- _Exercise_
From the listing below, output only the lines starting at the line that has "6月19日,2025年五批次" and ending at the line that has "Figure 4 shows", exactly as they appear, ends included.

=== Information supplied ===

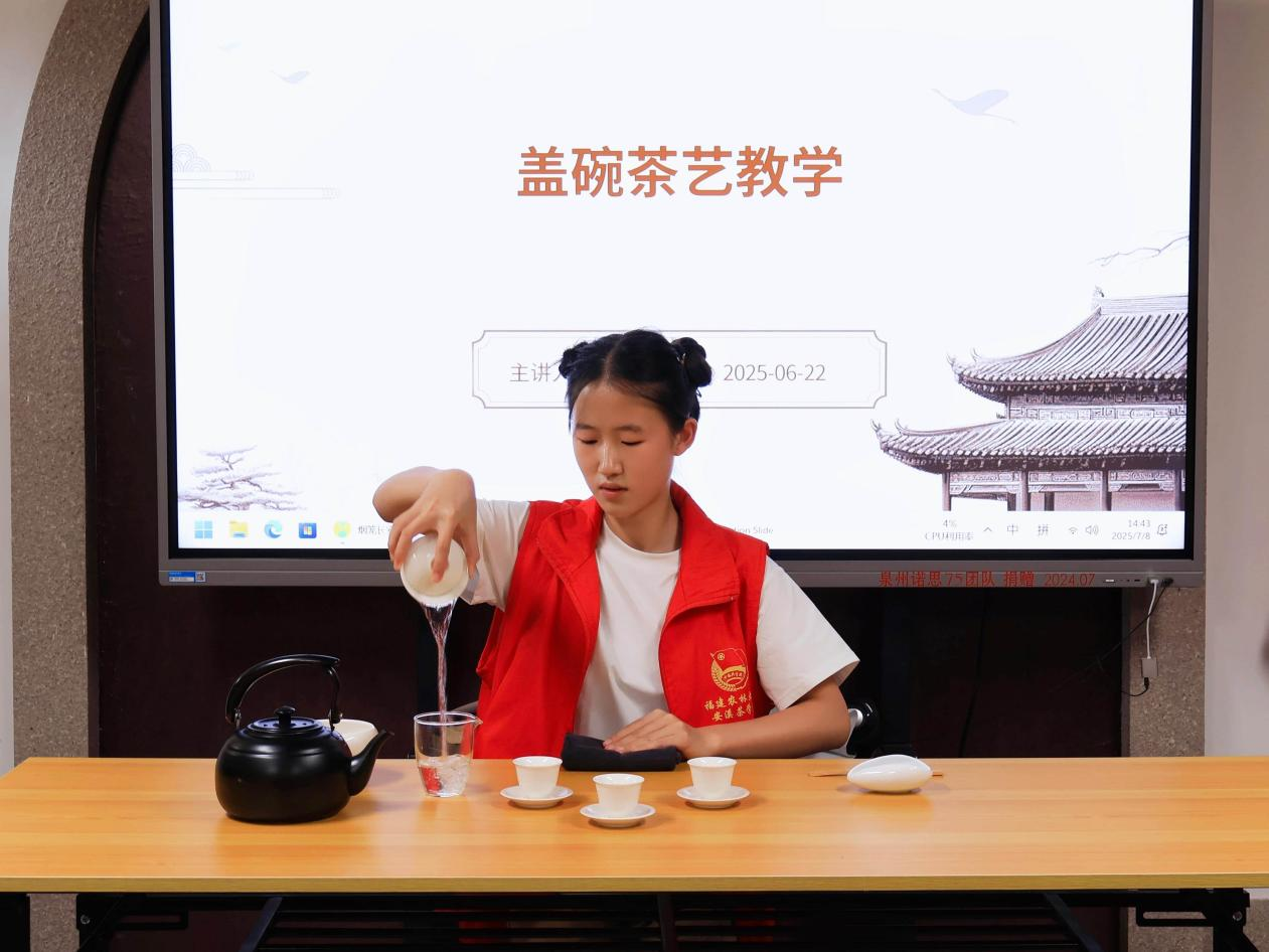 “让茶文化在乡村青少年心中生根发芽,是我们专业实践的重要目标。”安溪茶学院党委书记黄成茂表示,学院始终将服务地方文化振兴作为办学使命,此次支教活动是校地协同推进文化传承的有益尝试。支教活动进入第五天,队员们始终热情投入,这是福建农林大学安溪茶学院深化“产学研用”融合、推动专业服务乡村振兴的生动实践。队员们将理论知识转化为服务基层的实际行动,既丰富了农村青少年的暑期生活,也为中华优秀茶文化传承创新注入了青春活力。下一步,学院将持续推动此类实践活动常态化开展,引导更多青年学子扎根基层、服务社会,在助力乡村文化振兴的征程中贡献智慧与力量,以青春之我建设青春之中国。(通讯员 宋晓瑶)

===
=== Information supplied ===

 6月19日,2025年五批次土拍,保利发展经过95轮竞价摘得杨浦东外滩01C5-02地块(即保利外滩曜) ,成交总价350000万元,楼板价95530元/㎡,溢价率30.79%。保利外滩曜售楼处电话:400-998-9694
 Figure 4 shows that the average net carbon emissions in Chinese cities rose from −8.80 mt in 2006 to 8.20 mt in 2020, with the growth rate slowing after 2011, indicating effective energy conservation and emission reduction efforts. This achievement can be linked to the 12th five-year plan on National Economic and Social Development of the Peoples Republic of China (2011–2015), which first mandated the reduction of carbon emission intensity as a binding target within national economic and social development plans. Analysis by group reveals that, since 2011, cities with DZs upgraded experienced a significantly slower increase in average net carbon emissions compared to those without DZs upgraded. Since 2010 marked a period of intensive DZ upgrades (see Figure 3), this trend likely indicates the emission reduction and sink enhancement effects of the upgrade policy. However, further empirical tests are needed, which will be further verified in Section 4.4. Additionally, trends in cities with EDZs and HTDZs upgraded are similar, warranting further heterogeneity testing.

===
=== Information supplied ===

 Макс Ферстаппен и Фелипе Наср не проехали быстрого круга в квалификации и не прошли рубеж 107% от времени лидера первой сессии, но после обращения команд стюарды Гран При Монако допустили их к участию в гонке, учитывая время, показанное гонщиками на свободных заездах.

===

- _Exercise response_
 6月19日,2025年五批次土拍,保利发展经过95轮竞价摘得杨浦东外滩01C5-02地块(即保利外滩曜) ,成交总价350000万元,楼板价95530元/㎡,溢价率30.79%。保利外滩曜售楼处电话:400-998-9694
 Figure 4 shows that the average net carbon emissions in Chinese cities rose from −8.80 mt in 2006 to 8.20 mt in 2020, with the growth rate slowing after 2011, indicating effective energy conservation and emission reduction efforts. This achievement can be linked to the 12th five-year plan on National Economic and Social Development of the Peoples Republic of China (2011–2015), which first mandated the reduction of carbon emission intensity as a binding target within national economic and social development plans. Analysis by group reveals that, since 2011, cities with DZs upgraded experienced a significantly slower increase in average net carbon emissions compared to those without DZs upgraded. Since 2010 marked a period of intensive DZ upgrades (see Figure 3), this trend likely indicates the emission reduction and sink enhancement effects of the upgrade policy. However, further empirical tests are needed, which will be further verified in Section 4.4. Additionally, trends in cities with EDZs and HTDZs upgraded are similar, warranting further heterogeneity testing.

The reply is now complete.